» **TASK DESCRIPTION**: Drop the pictures and extract exactly the lines from the one that contains "We can see a" through the end of the material.

» **INFORMATION SHOWN**:
↓
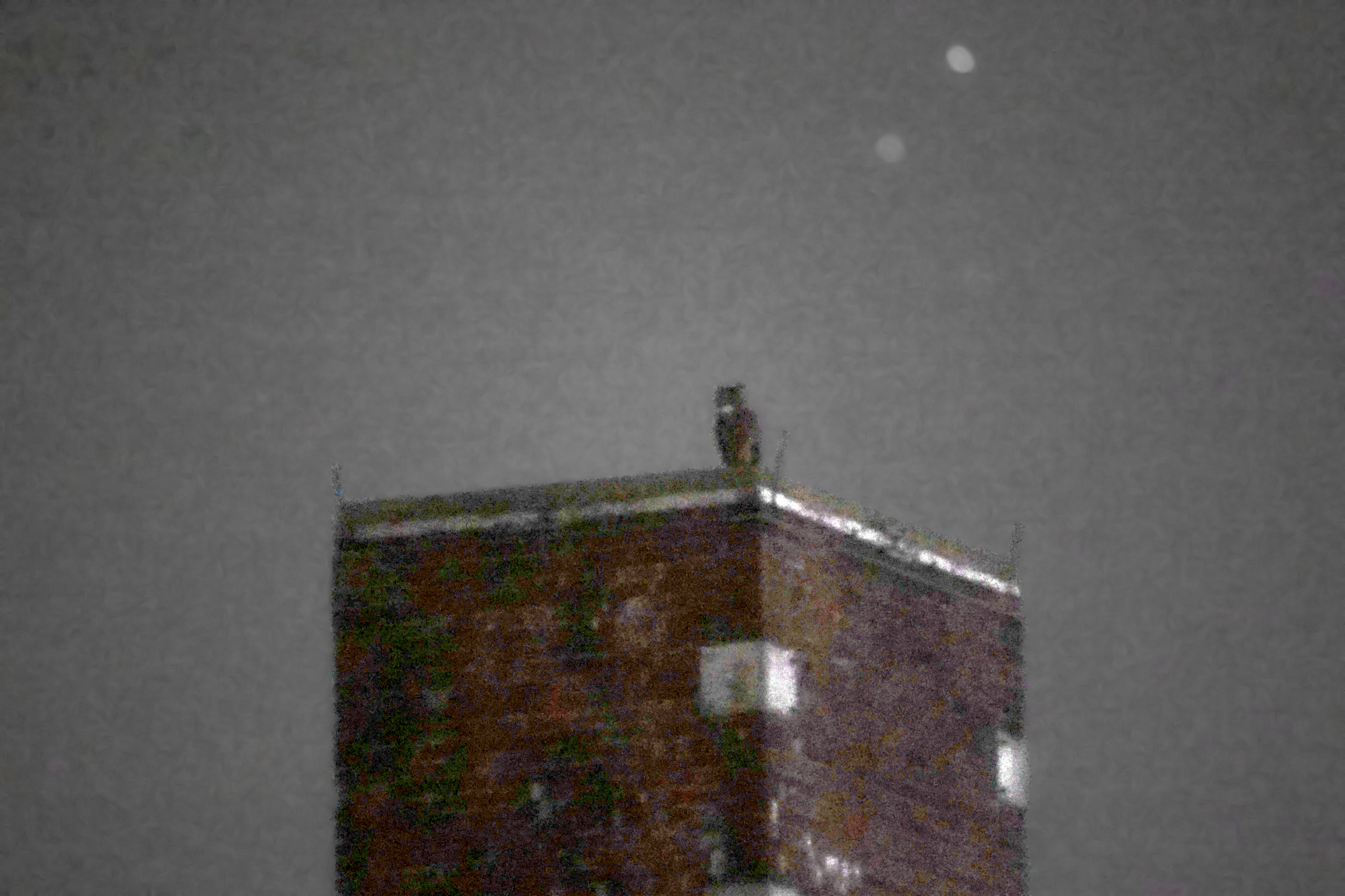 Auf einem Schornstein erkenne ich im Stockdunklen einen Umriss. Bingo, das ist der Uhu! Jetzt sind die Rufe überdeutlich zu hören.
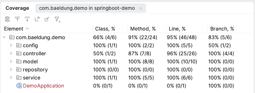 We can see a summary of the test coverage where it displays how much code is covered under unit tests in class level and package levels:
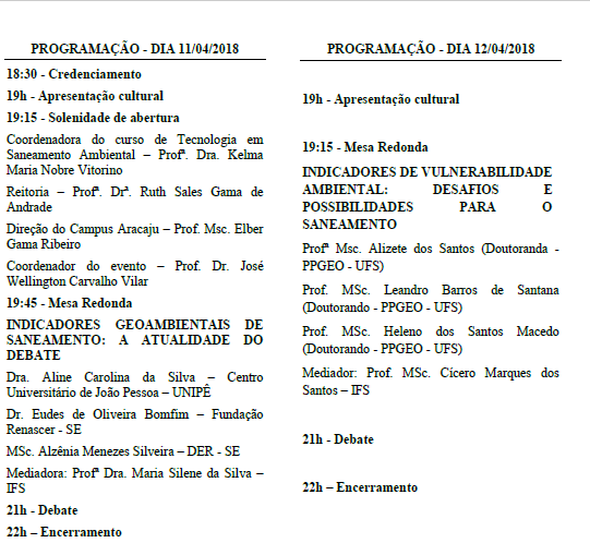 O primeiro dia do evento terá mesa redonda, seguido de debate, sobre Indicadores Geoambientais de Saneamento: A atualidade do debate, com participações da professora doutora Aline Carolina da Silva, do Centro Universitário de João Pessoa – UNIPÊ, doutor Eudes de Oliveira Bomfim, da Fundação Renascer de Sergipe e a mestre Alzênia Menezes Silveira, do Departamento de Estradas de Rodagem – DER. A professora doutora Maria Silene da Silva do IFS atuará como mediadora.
↑
» **EXPECTED ANSWER**:
 We can see a summary of the test coverage where it displays how much code is covered under unit tests in class level and package levels:
 O primeiro dia do evento terá mesa redonda, seguido de debate, sobre Indicadores Geoambientais de Saneamento: A atualidade do debate, com participações da professora doutora Aline Carolina da Silva, do Centro Universitário de João Pessoa – UNIPÊ, doutor Eudes de Oliveira Bomfim, da Fundação Renascer de Sergipe e a mestre Alzênia Menezes Silveira, do Departamento de Estradas de Rodagem – DER. A professora doutora Maria Silene da Silva do IFS atuará como mediadora.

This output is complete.